A workforce-experience problem, not just a tooling one
The Greenhouse data lands while the Information Commissioner’s Office is consulting on automated recruitment. Volume has plainly arrived: nearly half of UK job seekers have already encountered AI interviews, and applicants are now self-filtering away from employers that mandate them. The complaint set is consistent — pre-recorded prompts on a blank screen, three-minute response windows, and no signal that a human has watched the recording. One scientist applying for a senior role told the Guardian she “received very general feedback and a rejection” and was unsure whether “anybody watched the interview”.

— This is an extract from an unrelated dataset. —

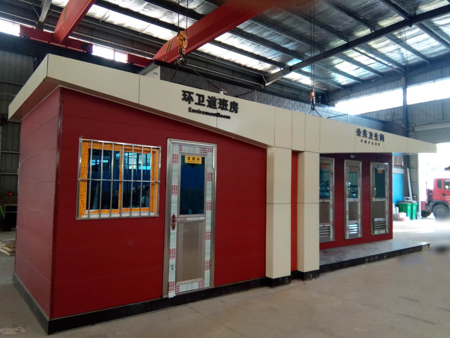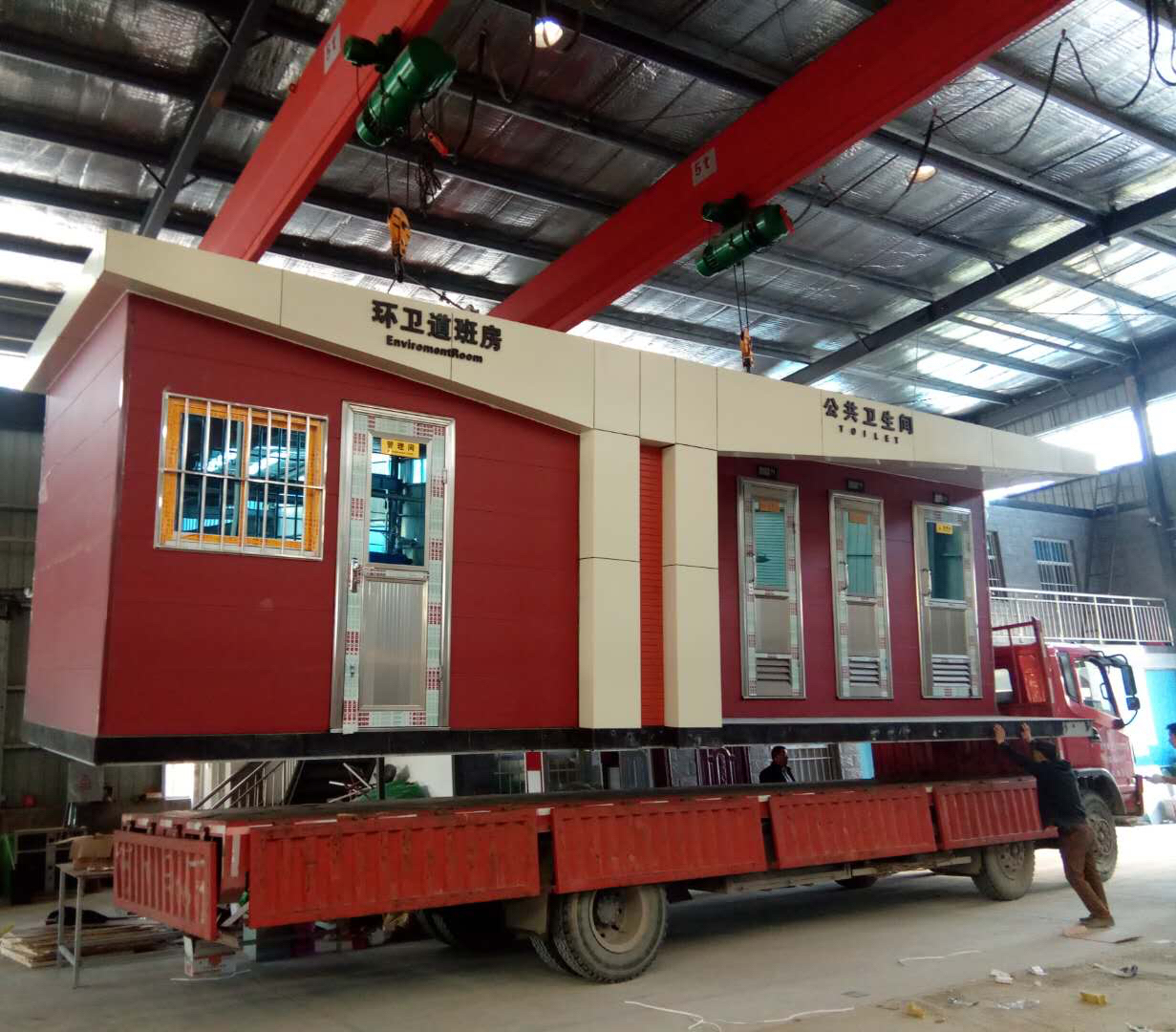 移動(dòng)廁所簡介及制作方法:1、房體結(jié)構(gòu): 采用輕鋼龍骨結(jié)構(gòu),鋼材全部使用國家標(biāo)準(zhǔn)鍍鋅鋼材。根據(jù)房體的大小特選用國標(biāo)方管(50-100)焊接而成。鍍鋅管厚度為2.8mm,方管經(jīng)過徹底除銹后進(jìn)行鍍鋅、防腐處理,處理后的結(jié)構(gòu)使用壽命均在20年以上。這樣就會(huì)延長廁所使用壽命,使整座廁所的穩(wěn)固性更強(qiáng)、更加結(jié)實(shí)耐用。2、墻體...
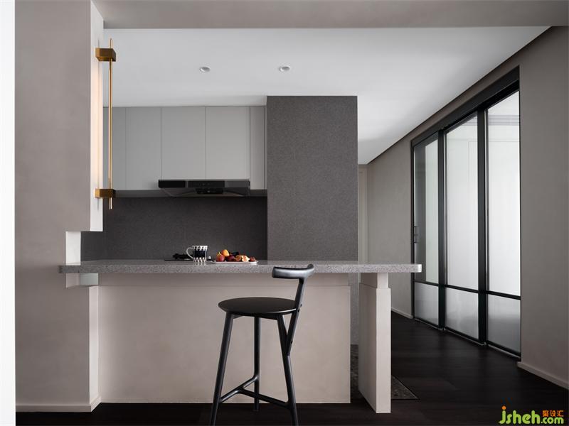 廚房墻面局部拆除,以開放形態(tài)展開。以玄關(guān)為開端設(shè)計(jì)出吧臺(tái),餐后在吧臺(tái)處小酌閑飲,將屋主向往的閑適生活進(jìn)行具象化表達(dá)。

Greenhouse positions AI interviews as a way to keep up with rising application volume, and the headcount math is real for HR teams sifting thousands of CVs. But the survey suggests the format is now an active filter on the candidate side too: a third of UK applicants have walked, and accessibility concerns — particularly for autistic and neurodivergent candidates — appear in nearly every reported transcript.
Looking forward
The ICO has already flagged automated recruitment as a 2026 enforcement priority, and the Greenhouse figures give regulators a concrete population to point at. For UK employers, the relevant operational questions are no longer whether AI interviews can be deployed, but whether the candidate experience is documented, whether reasonable adjustments are offered (longer response windows, alternative formats, the option of a human-led first round), and whether there is a clear human-in-the-loop step before rejection. With 30% of UK candidates self-deselecting, the cost of getting this wrong is showing up upstream of any ICO action: in the calibre and diversity of the funnel.